Trojan

Trojan

In the early years of the NES the concept of replay value hadn’t sunk in yet.  Oh I’m sure there were games that had hidden secrets waiting to be discovered but for the most part we replayed those old classics over and over for two reasons: they were just plain good games and you know, we didn’t have money to buy another new game.  One such game was Trojan by Capcom. An arcade port released in 1987 I never bothered finding out what the plot of the game is.  Set in the future after a nuclear war you control a warrior hired by the people to defeat the dictator who rules the world.  If only life were so simple.  The NES version is an excellent conversion that also adds a number of features to the game making it the superior experience overall.

The first feature of note is the odd control scheme.  One button controls the sword and the other your shield, with jump relegated to the d-pad.  Normally this would be sacrilegious but the game is designed such that it works.  Attacks come from all sides and in short order you’ll be grateful for that shield.  With the ability to block in front, low, and diagonally it becomes an invaluable part of the game.  The controls are extremely, giving you the ability to switch from attack and defense immediately; in the later stages of the game this skill is mandatory.

The challenge is high from the beginning.  Enemies will swarm in great numbers, with arrows and daggers flying in addition to the standard peons.  By the midpoint of the game you’ll need to have mastered the controls and all their quirks because the computer AI is ruthless at that point.  And that is to say nothing of the bosses.  The ultimate test of your reflexes, you’ll need to identify their patterns in short order to come away unscathed and beat the timer.  Despite the odds stacked against you however Trojan remains fair overall.
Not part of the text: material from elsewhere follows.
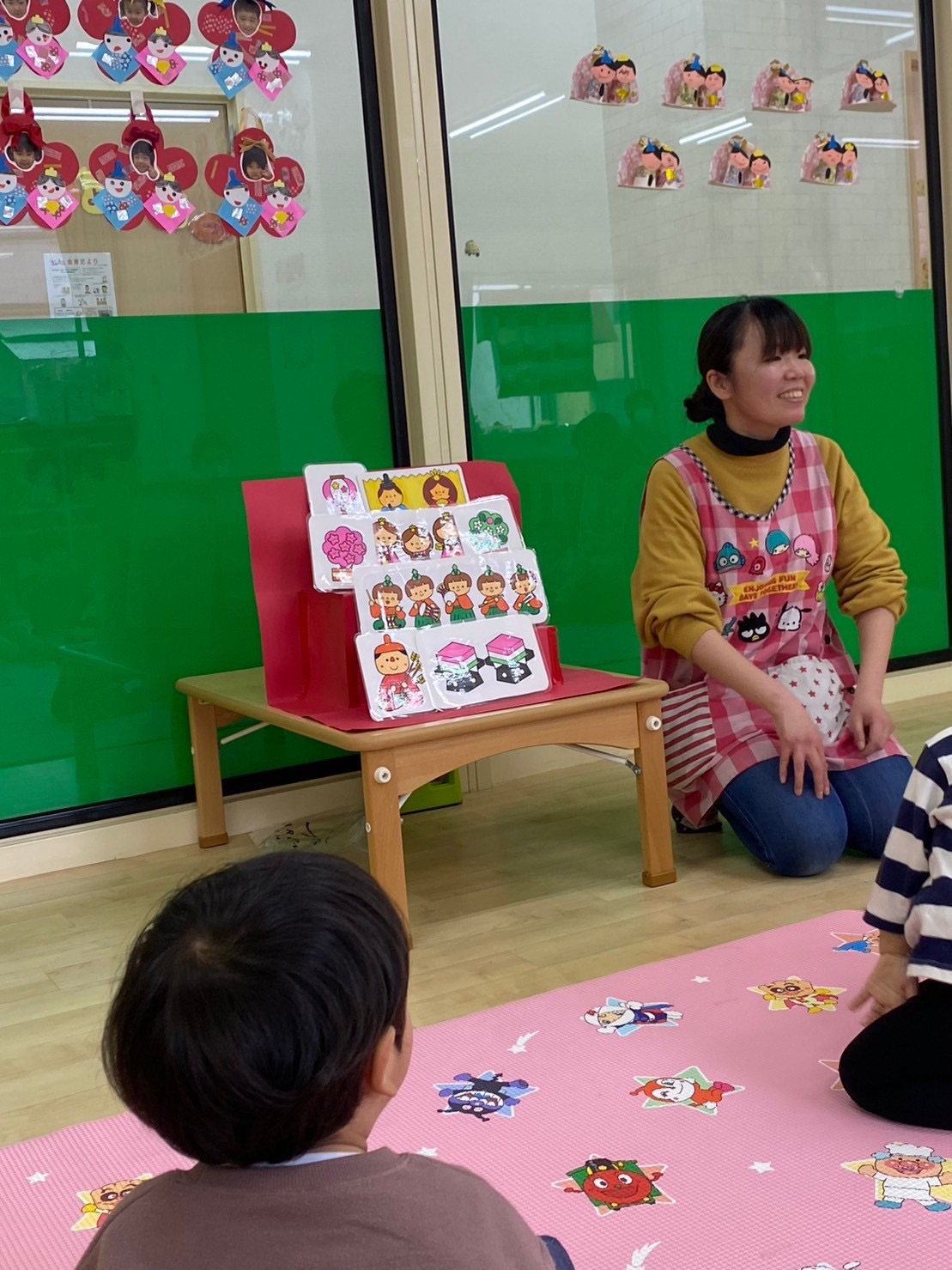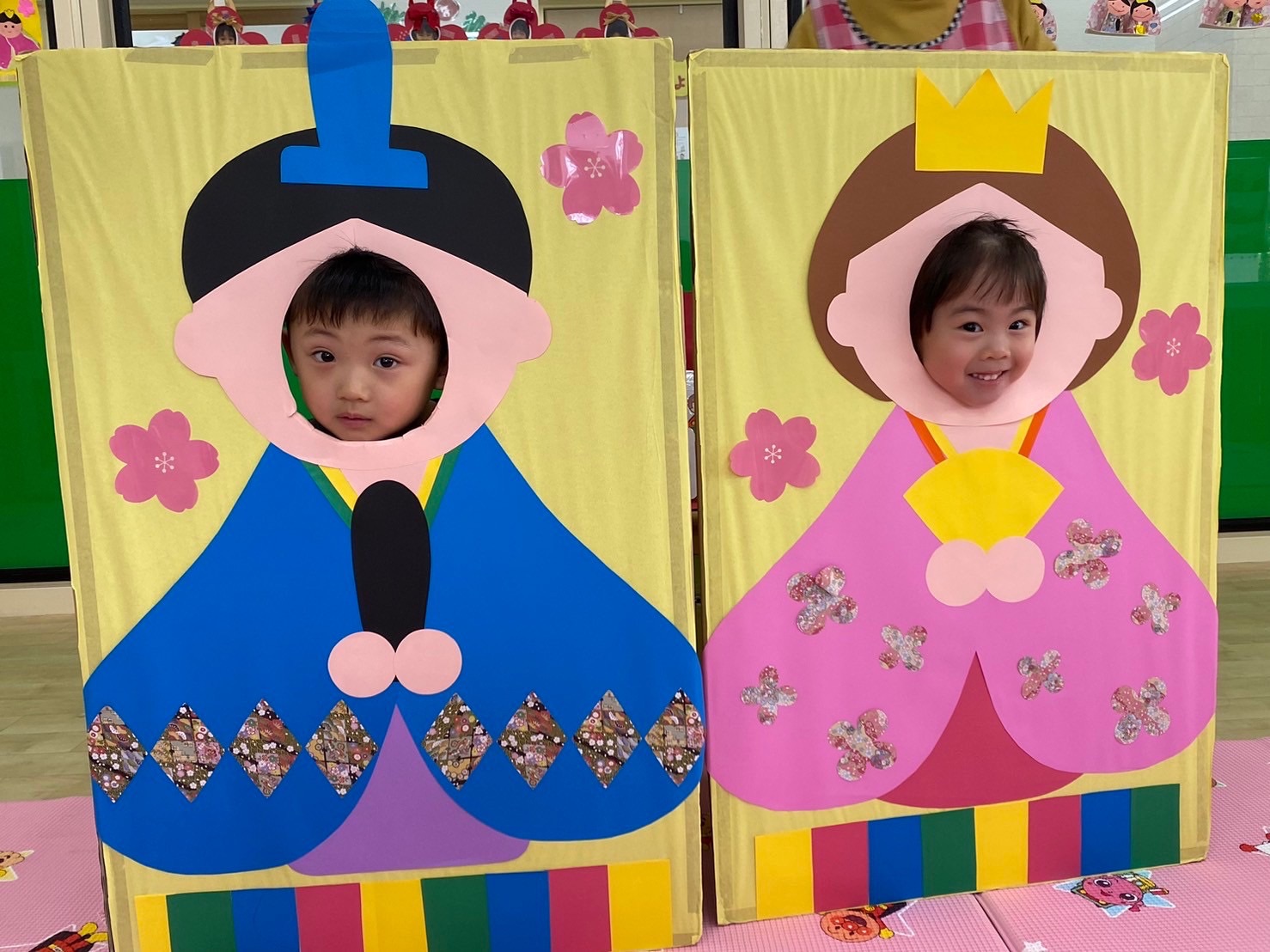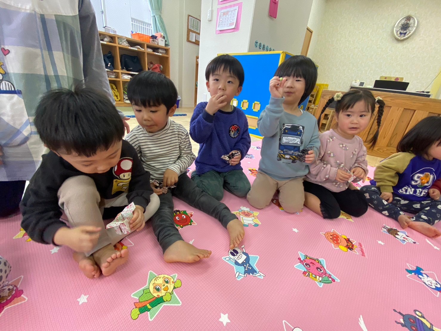 保育者のパネルシアターや、子どもたちみんなでひなあられを食べたり、とても楽しい時間をすごすことができました♪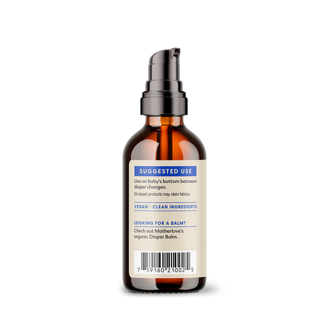 Soothes baby's bottom Infused with organic herbs Cloth diaper safe - free of zinc oxide & petroleum This vegan oil rubs on easily and absorbs quickly, allowing the herbs to do their job without leaving a greasy residue.

The NES version although simplified in some ways such as less enemies and the removal of a few from the arcade at the same time adds a number of items and features as well.  Some bosses have had their attacks changed, such as the Goblin’s shuriken exploding into bats.  Iron Arm, the first stage boss now launches his arms and they fly high and low before returning.  A new boss, King Shriek waits before the final boss to test your skills before the final challenge.  Some additional powerups have been added as well, such as extra points, health pickups, and extra lives.  This isn’t the longest game in the world so every little bit helps. Interestingly this NES version contains what might be Capcom’s first foray into one on one fighting games.  The vs. mode contains many of the elements that would be expounded on later in Street Fighter, such as the round structure, different hit levels, and even air blocking.  Although you are limited to the main character and his Trojan clone it’s a nice bonus overall.

Although it’s a short game that didn’t stop my family and I from playing it over and over to see who could finish the fastest.  This isn’t a long game so on that front I wouldn’t recommend paying more than a few bucks for it.